Experimental set-up of bench study. The Mirus control unit for desflurane, a ventilator, a carbon dioxide source and a gas monitor are connected to a test lung as shown. The control unit is positioned on a precision balance. Data from balance and gas monitor are stored online on a personal computer (PC): (1) ventilatory tubing; (2) Mirus interface; (3) bronchoscopy port; (4) Mirus interface cable; (5) carbon dioxide line; (6) sample gas line; (7) sample gas refeeding line and (8) serial communication cable.

Figure 3

(a) High-resolution recording (every 100 ms) of the concentration of desflurane (left axis, blue-green-red line and dots) and carbon dioxide (CO2, right axis, black line) during three breaths, recorded by the Vamos gas monitor. During the beginning of the inspiratory flow phase (IF), CO2 is still high because the first 100 ml of gas from the Mirus interface is passing the gas sampling port. Thereafter, the CO2 trace decreases not down to zero, but to 0.2% (small orange arrow) indicating minor CO2 reflection by the Mirus reflector. The desflurane trace clearly shows the expiratory plateau. By averaging each plateau (green lines), end-tidal concentration of all 1800 single breaths were determined. During the first inspired breath, the concentration decreases to about 50% (large orange arrow), indicating desflurane reflection. After the last two expirations, there is a high peak of the desflurane concentration during the inspiratory flow phase, which lasts only 0.5 s (red lines: mean concentration during this peak). Thereafter, the desflurane concentration drops to similar values as during the previous expiration, indicating the end of desflurane injection. (b) High-resolution recording (every 100 ms) of the desflurane concentration recorded by the Vamos gas monitor over 5 min, with a target concentration of 2.4% (black line) including the three breaths from Fig. 3a (shaded area). From the second breath onwards, 13 breaths with peaks during the initial inspiratory flow phase indicating desflurane vapour injection can be seen. At an end-tidal concentration of 3.11% (red arrow), the last injection is applied.
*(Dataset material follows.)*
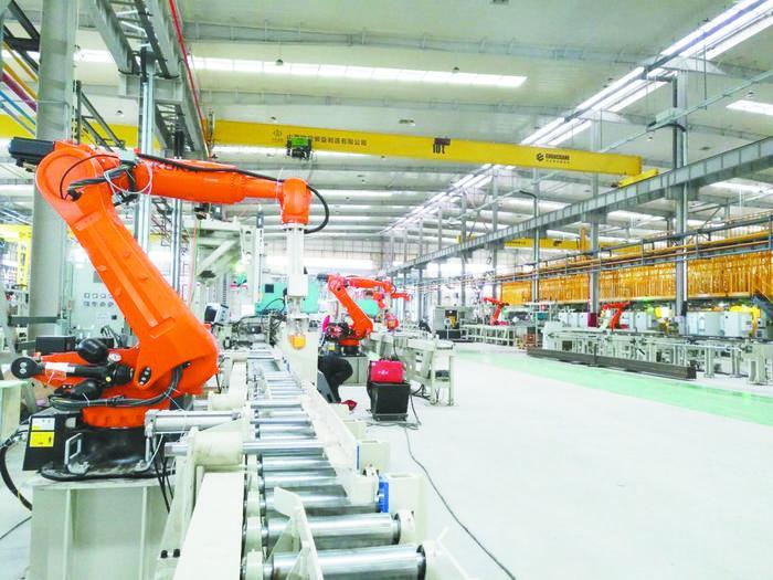 在山西建投装备制造有限公司型材下料自动化生产线上,机械臂上料码垛实现高度自动化。该生产线作为全国塔机行业领先的型材下料自动化生产线,在生产制造智能化、集约化、柔性化、绿色化、少人化等方面进行了一系列探索和实践,发挥了行业转型引领作用。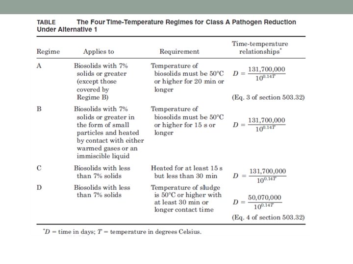 Regulatory requirements EXAMPLE 1 What is the required minimum time to achieve Class A pathogen requirement when a bio-solid with 15% solids content is heated at 60 o. C ?

Thereafter, the concentration decreases down to 2.02% (black arrow), after which desflurane is once more injected during the following nine breaths.

Figure 4

Bland–Altman diagram for comparison of the end-tidal concentrations measured by the gas monitor and those displayed by the Mirus. The difference between the measurements for each single breath is plotted against the mean of the two measurements. With high concentrations, there is a small overestimation by the Mirus, however, bias (0.11%, dashed line) and random measurement disagreement (0.29%, shaded area) are small and not clinically relevant.

Figure 5

Consumption of desflurane over the range of the target concentration set using the Mirus with the standard reflector (filled diamonds) and using the modified Mirus reflector (unfilled diamonds). The increase in consumption is disproportionately high with increasing concentrations, indicating a decrease in efficiency. The red line indicates an efficiency of 80%.